◆ Problem to solve ◆
Records follow. Print exactly the lines from the one that has "Θήκη κινητού τηλεφώνου" through the one that has "公告顯示,甘州平山湖百萬千瓦風電基地 10 萬千瓦風電", inclusive, and omit the pictures.

◆ Data for the task ◆
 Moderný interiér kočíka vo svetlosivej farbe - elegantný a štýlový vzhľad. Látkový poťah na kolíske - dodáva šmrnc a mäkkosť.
* * *
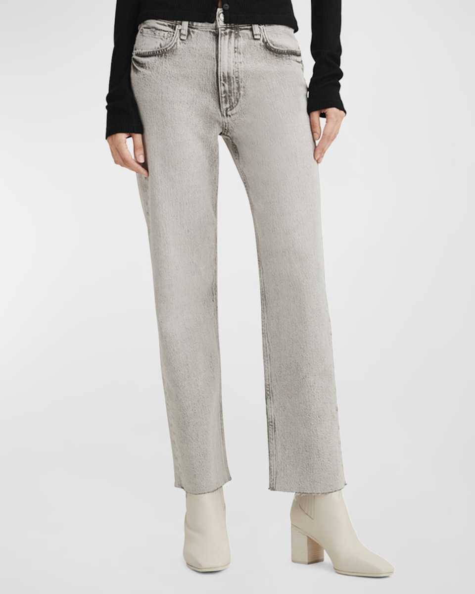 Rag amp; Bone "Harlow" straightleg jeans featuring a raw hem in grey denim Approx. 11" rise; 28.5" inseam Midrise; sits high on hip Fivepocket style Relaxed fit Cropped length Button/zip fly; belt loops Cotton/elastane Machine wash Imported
* * *
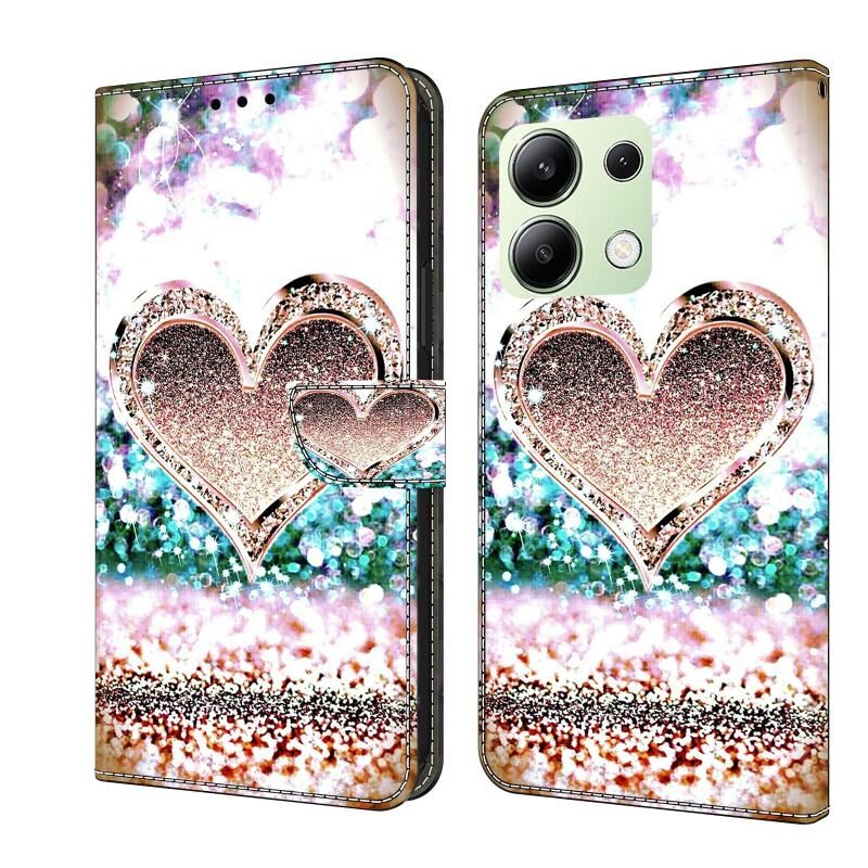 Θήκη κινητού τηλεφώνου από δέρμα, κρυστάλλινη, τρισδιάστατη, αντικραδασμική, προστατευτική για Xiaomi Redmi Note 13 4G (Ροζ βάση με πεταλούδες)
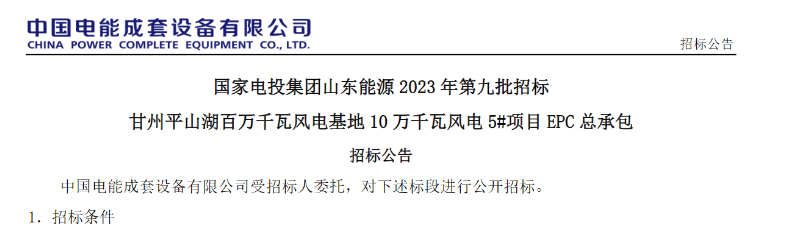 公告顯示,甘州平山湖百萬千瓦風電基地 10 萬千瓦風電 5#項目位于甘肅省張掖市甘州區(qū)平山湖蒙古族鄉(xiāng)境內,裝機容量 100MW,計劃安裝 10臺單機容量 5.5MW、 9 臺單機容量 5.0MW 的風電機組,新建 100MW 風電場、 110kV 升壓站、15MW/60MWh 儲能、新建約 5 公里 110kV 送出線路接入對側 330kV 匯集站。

◆ Response to this exercise ◆
 Θήκη κινητού τηλεφώνου από δέρμα, κρυστάλλινη, τρισδιάστατη, αντικραδασμική, προστατευτική για Xiaomi Redmi Note 13 4G (Ροζ βάση με πεταλούδες)
 公告顯示,甘州平山湖百萬千瓦風電基地 10 萬千瓦風電 5#項目位于甘肅省張掖市甘州區(qū)平山湖蒙古族鄉(xiāng)境內,裝機容量 100MW,計劃安裝 10臺單機容量 5.5MW、 9 臺單機容量 5.0MW 的風電機組,新建 100MW 風電場、 110kV 升壓站、15MW/60MWh 儲能、新建約 5 公里 110kV 送出線路接入對側 330kV 匯集站。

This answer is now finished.